WORK REQUEST
Your output must be the lines below from the line containing "For Daily Streetwear" to the line containing "Le kakemono PASSARO", both lines included, reproduced exactly and without pictures.

SUPPLIED INFORMATION
* * * * * * *

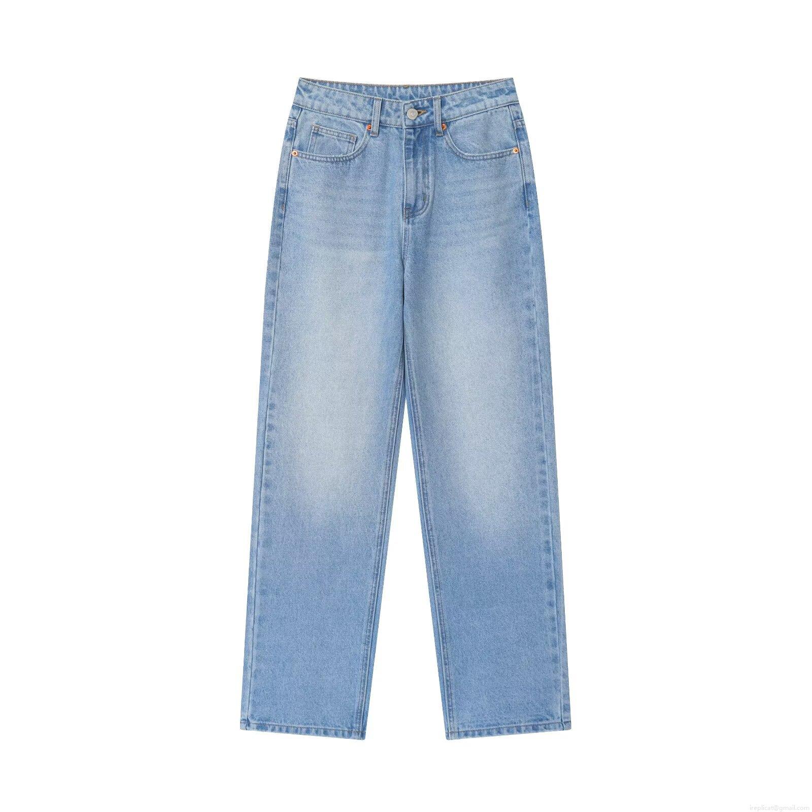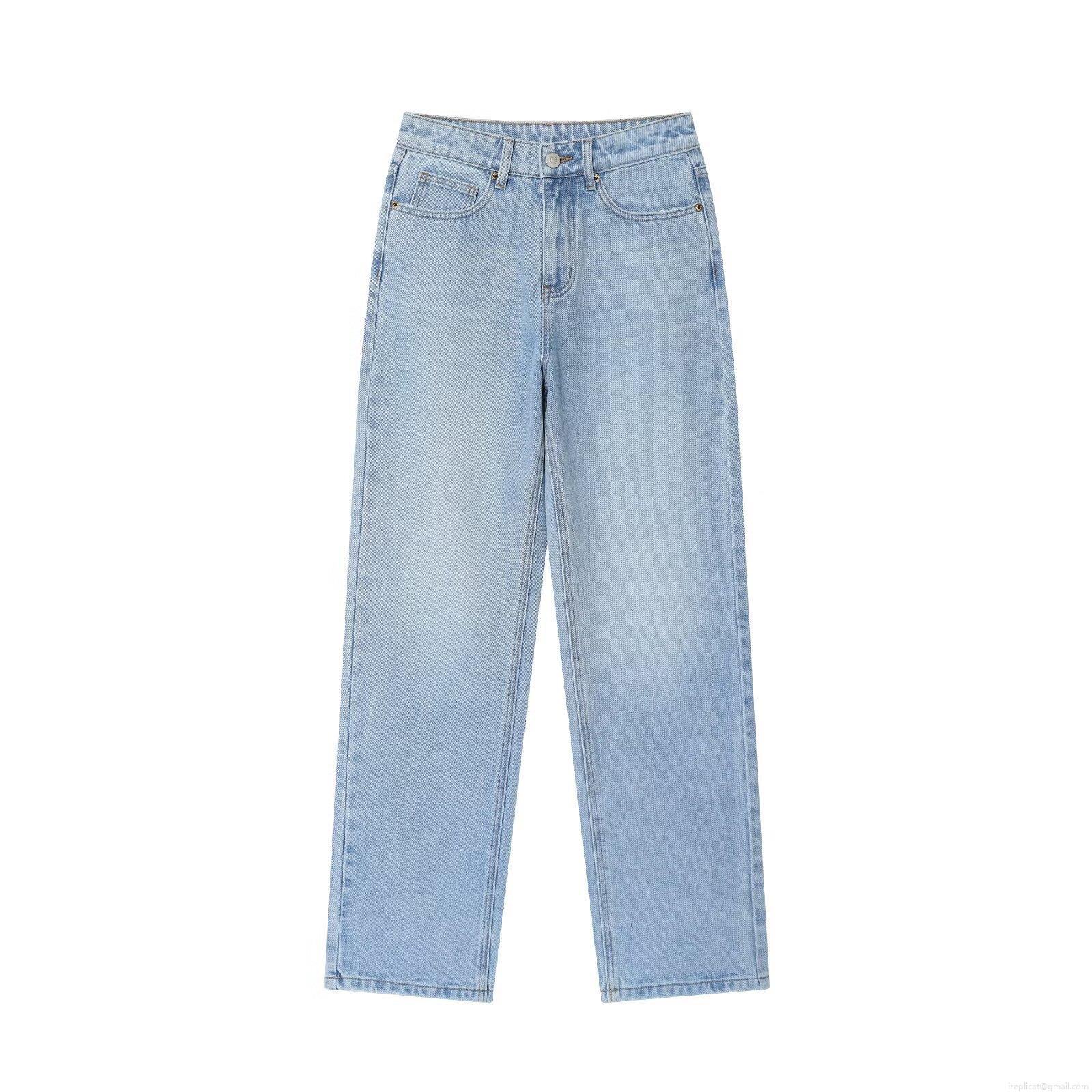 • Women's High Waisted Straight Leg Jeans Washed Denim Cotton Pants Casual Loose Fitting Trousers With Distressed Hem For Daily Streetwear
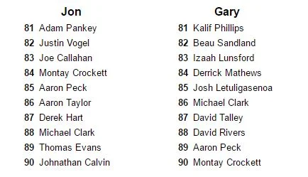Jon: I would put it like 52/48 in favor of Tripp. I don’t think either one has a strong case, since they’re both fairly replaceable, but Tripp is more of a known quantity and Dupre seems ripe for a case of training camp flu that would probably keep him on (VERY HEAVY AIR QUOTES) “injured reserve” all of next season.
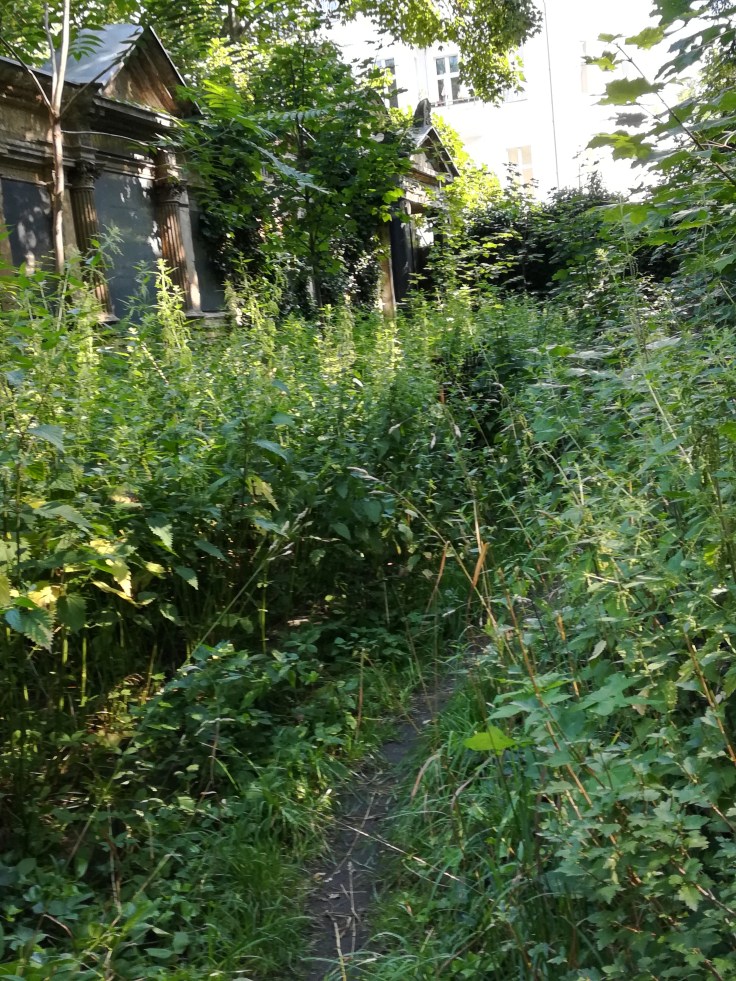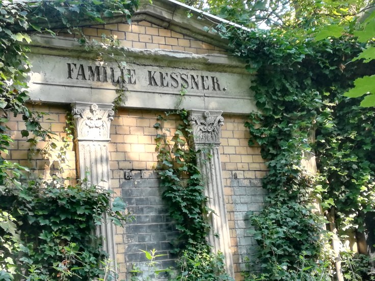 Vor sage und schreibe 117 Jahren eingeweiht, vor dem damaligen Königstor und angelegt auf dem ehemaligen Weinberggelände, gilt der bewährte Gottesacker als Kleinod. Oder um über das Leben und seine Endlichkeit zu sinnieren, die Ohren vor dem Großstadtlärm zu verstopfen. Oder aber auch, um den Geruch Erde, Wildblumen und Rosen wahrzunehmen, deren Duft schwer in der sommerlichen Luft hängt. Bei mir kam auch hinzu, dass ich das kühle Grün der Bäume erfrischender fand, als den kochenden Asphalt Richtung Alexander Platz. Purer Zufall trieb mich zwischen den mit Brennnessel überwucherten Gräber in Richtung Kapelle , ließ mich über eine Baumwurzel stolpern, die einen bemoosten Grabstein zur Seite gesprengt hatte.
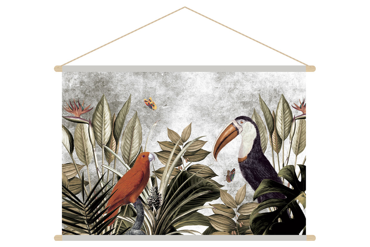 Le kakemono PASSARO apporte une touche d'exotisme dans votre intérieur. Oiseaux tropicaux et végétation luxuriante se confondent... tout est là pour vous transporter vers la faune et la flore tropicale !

* * * * * * *

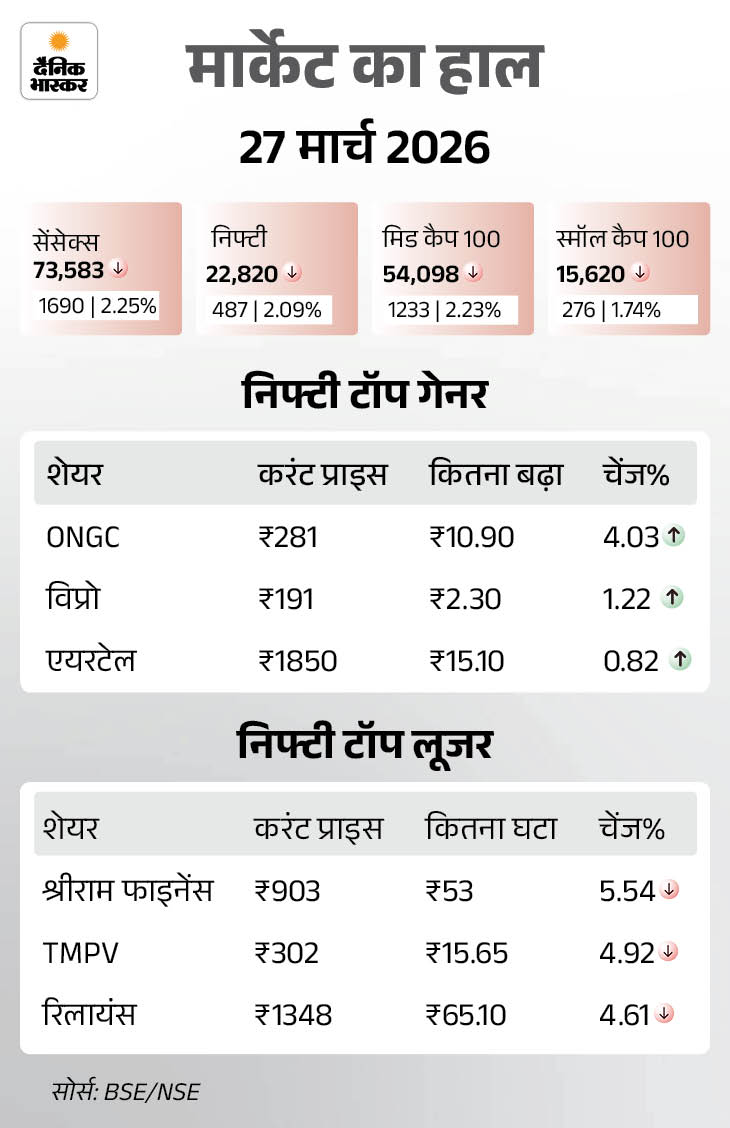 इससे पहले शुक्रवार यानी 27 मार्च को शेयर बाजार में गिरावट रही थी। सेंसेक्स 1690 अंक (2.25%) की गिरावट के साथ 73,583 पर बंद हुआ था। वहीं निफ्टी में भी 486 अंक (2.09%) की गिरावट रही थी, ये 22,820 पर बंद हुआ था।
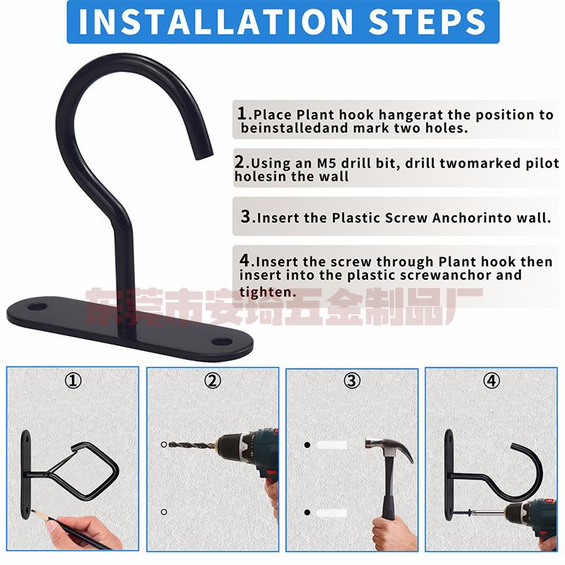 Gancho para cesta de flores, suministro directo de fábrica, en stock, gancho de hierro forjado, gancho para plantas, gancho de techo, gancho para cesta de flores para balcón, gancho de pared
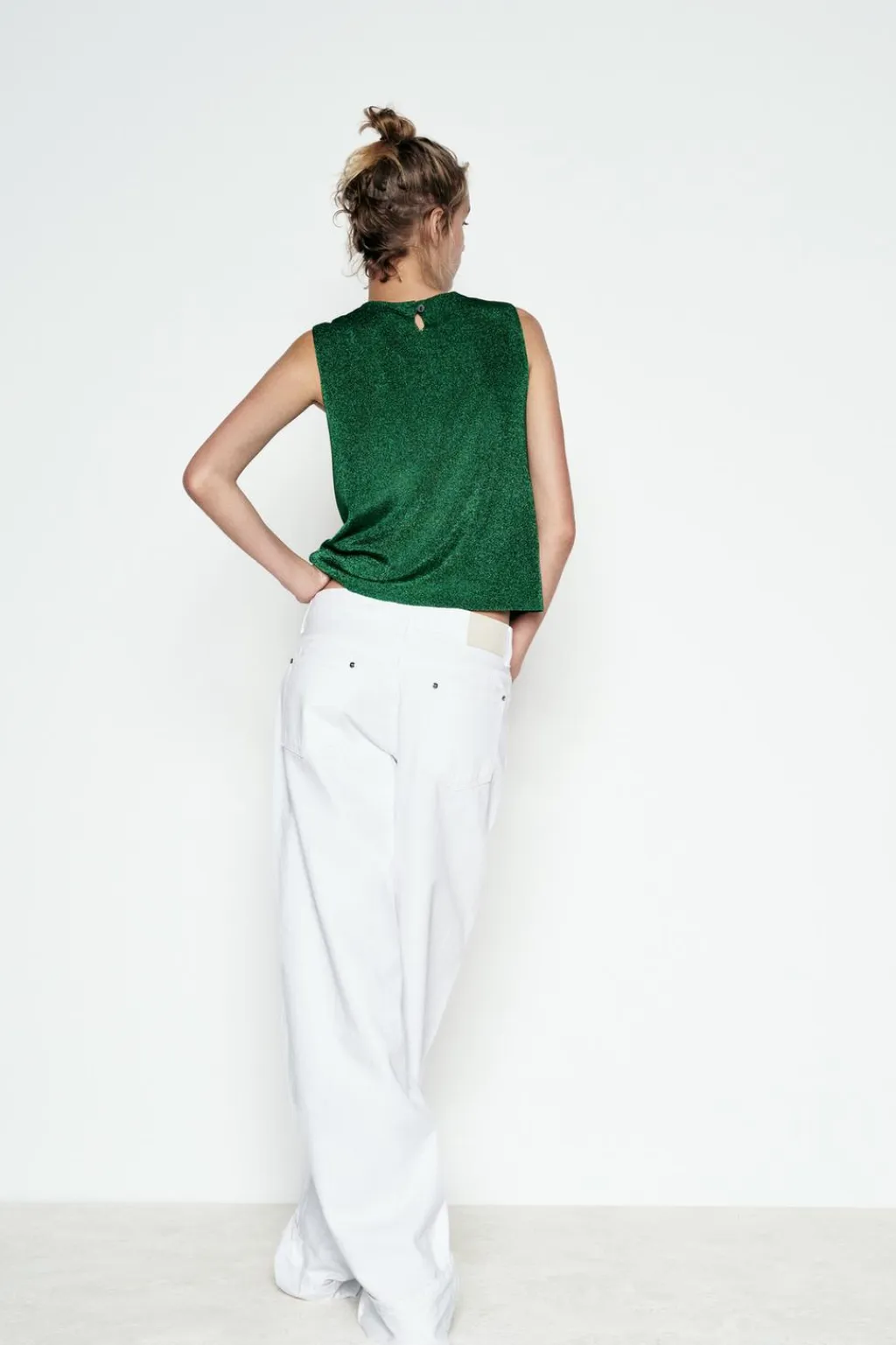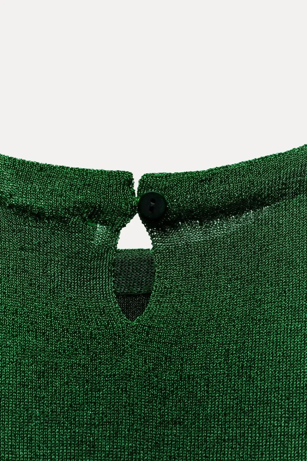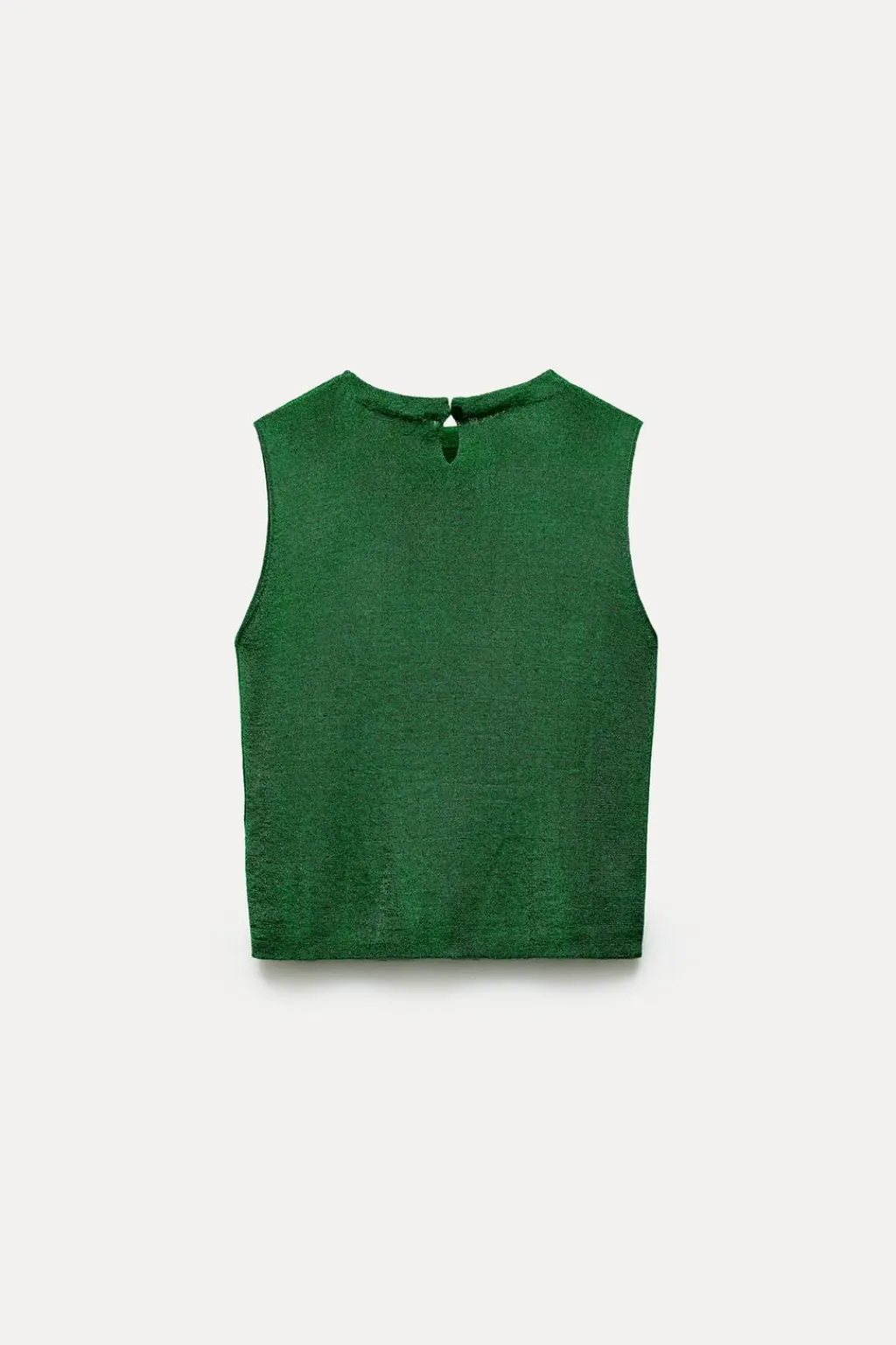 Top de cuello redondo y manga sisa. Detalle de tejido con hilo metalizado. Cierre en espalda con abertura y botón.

* * * * * * *

REPLY
 • Women's High Waisted Straight Leg Jeans Washed Denim Cotton Pants Casual Loose Fitting Trousers With Distressed Hem For Daily Streetwear
Jon: I would put it like 52/48 in favor of Tripp. I don’t think either one has a strong case, since they’re both fairly replaceable, but Tripp is more of a known quantity and Dupre seems ripe for a case of training camp flu that would probably keep him on (VERY HEAVY AIR QUOTES) “injured reserve” all of next season.
 Vor sage und schreibe 117 Jahren eingeweiht, vor dem damaligen Königstor und angelegt auf dem ehemaligen Weinberggelände, gilt der bewährte Gottesacker als Kleinod. Oder um über das Leben und seine Endlichkeit zu sinnieren, die Ohren vor dem Großstadtlärm zu verstopfen. Oder aber auch, um den Geruch Erde, Wildblumen und Rosen wahrzunehmen, deren Duft schwer in der sommerlichen Luft hängt. Bei mir kam auch hinzu, dass ich das kühle Grün der Bäume erfrischender fand, als den kochenden Asphalt Richtung Alexander Platz. Purer Zufall trieb mich zwischen den mit Brennnessel überwucherten Gräber in Richtung Kapelle , ließ mich über eine Baumwurzel stolpern, die einen bemoosten Grabstein zur Seite gesprengt hatte.
 Le kakemono PASSARO apporte une touche d'exotisme dans votre intérieur. Oiseaux tropicaux et végétation luxuriante se confondent... tout est là pour vous transporter vers la faune et la flore tropicale !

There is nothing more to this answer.